Give the data back exactly. Leave out any images.

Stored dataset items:
────────────────
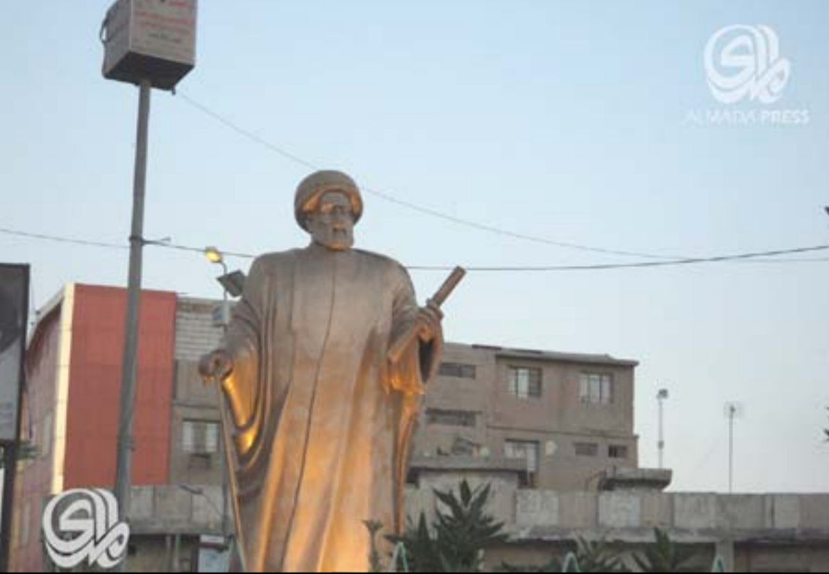
ساحة الجبوبي وسط مدينة الناصرية

المتظاهرين". يذكر أن العاصمة بغداد و١٠ محافظات عراقية هي (بابل وكربلاء والنجف والديوانية والمثنى وذي قار وواسط وميسان
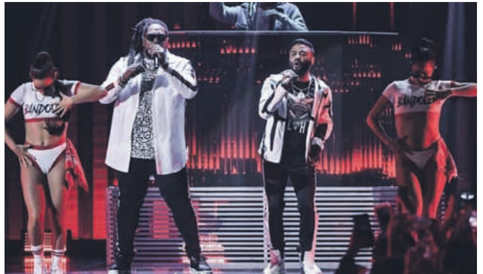
La idea de traer a estos grandes artistas es colocar con ellos el broche de oro al verano

¿CUÁNDO? Sábado 23 de febrero ¿DÓNDE? Espacio Peñuelas ¿HORA? Desde las 21:00 horas. SHOW EN VIVO: Zion & Lennox / Tommy Boysen DJ SET: Mauro Boss & Matías Vega STAGE ELECTRÓNICO: Elio Riso / Cris Ocaña / Fabián Argomedo PREVENTAS • Early Bird: $15.000 • Preventa General: $18.000 • Preventa VIP: $30.000 Compra tus entradas en www.passline.cl
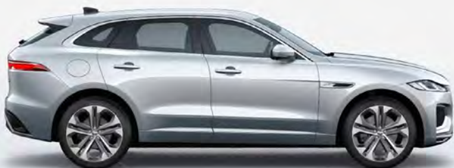
ULTRA METALLIC IONIAN SILVER HOOGGLANS OF SATIJNGLANS
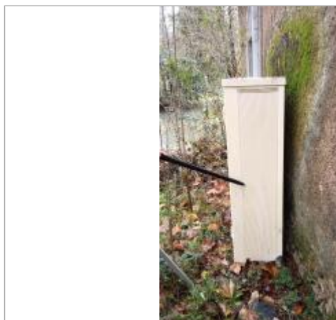
Vue sur le point de la mesure
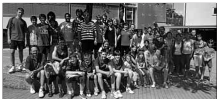
Turnierteilnehmer mit Familien und Freunden
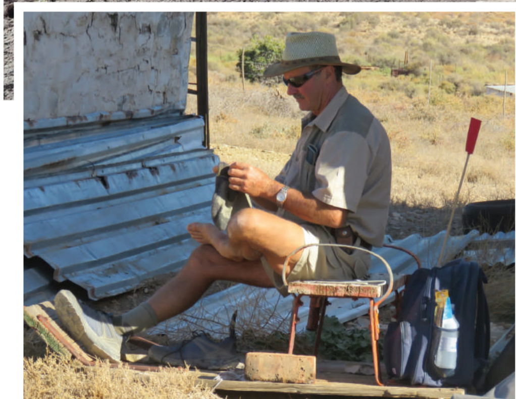
Dit is tyd om die voete met spiritus te smeer.
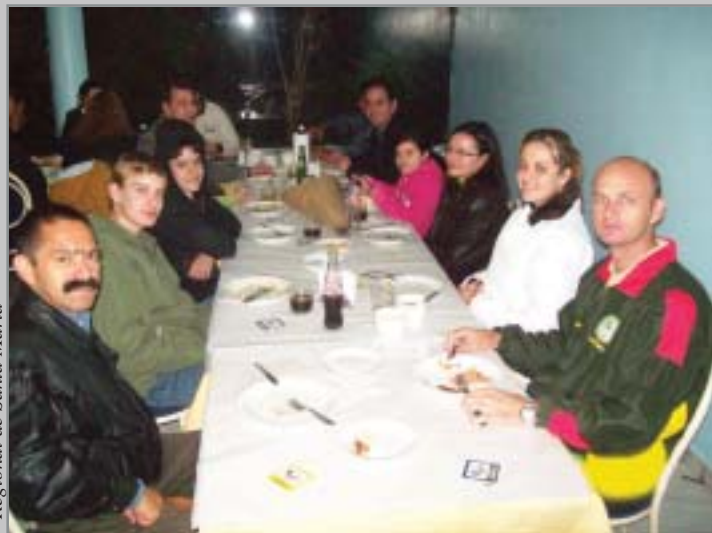
Regional de Santa Maria
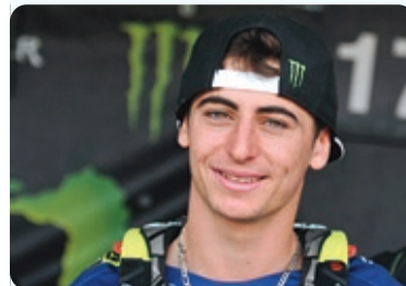
31 è Dylan FERRANDIS

2014 3 è Mx2 1GP : BR 2015 1 è MxGP 8GP : Villars s E - IT - DE - SE - CZ - IT - MX - US + 1MxdN (Emée) 2016 4 è MxGP 3GP : TH - NL - St Jean d'Y + 1MxdN (IT) 2017 6 è MxGP <2 è + 1MxdN (GB) 2018 6 è MxGP <2 è 2019 9 è MxGP 1GP : CZ
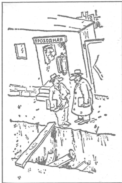
Fabrikdirektor: «Wir sind euch Leuten vom Strassenbauamt wirklich dankbar. Seit ihr hier vor zwei Jahren den Graben ausgehoben habt, sind keine Betrunknen mehr in unser Werkgelände eingedrungen.» («Ekonomscheskaja gaseta», Moskau, Nr. 27/1984)

Der Witz zielt auf die schleppenden Tiefbauarbeiten, aber nebenbei zeigt er die Plage, die man mit Betrunknen hat (wobei das «komische» Motiv ihres Abstürzens eigentlich ziemlich zynisch eingeflochten ist).
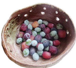
日本の障がい者の授産所で購入した器

下駄箱の上に子供の工作の作品や、授産所で購入した器や鍵入れを飾っています。意味のあるものをそばに置きたいと思っています。
────────────────
* RESULT FOR THIS TASK:
ساحة الجبوبي وسط مدينة الناصرية

المتظاهرين". يذكر أن العاصمة بغداد و١٠ محافظات عراقية هي (بابل وكربلاء والنجف والديوانية والمثنى وذي قار وواسط وميسان
La idea de traer a estos grandes artistas es colocar con ellos el broche de oro al verano

¿CUÁNDO? Sábado 23 de febrero ¿DÓNDE? Espacio Peñuelas ¿HORA? Desde las 21:00 horas. SHOW EN VIVO: Zion & Lennox / Tommy Boysen DJ SET: Mauro Boss & Matías Vega STAGE ELECTRÓNICO: Elio Riso / Cris Ocaña / Fabián Argomedo PREVENTAS • Early Bird: $15.000 • Preventa General: $18.000 • Preventa VIP: $30.000 Compra tus entradas en www.passline.cl
ULTRA METALLIC IONIAN SILVER HOOGGLANS OF SATIJNGLANS
Vue sur le point de la mesure
Turnierteilnehmer mit Familien und Freunden
Dit is tyd om die voete met spiritus te smeer.
Regional de Santa Maria
31 è Dylan FERRANDIS

2014 3 è Mx2 1GP : BR 2015 1 è MxGP 8GP : Villars s E - IT - DE - SE - CZ - IT - MX - US + 1MxdN (Emée) 2016 4 è MxGP 3GP : TH - NL - St Jean d'Y + 1MxdN (IT) 2017 6 è MxGP <2 è + 1MxdN (GB) 2018 6 è MxGP <2 è 2019 9 è MxGP 1GP : CZ
Fabrikdirektor: «Wir sind euch Leuten vom Strassenbauamt wirklich dankbar. Seit ihr hier vor zwei Jahren den Graben ausgehoben habt, sind keine Betrunknen mehr in unser Werkgelände eingedrungen.» («Ekonomscheskaja gaseta», Moskau, Nr. 27/1984)

Der Witz zielt auf die schleppenden Tiefbauarbeiten, aber nebenbei zeigt er die Plage, die man mit Betrunknen hat (wobei das «komische» Motiv ihres Abstürzens eigentlich ziemlich zynisch eingeflochten ist).
日本の障がい者の授産所で購入した器

下駄箱の上に子供の工作の作品や、授産所で購入した器や鍵入れを飾っています。意味のあるものをそばに置きたいと思っています。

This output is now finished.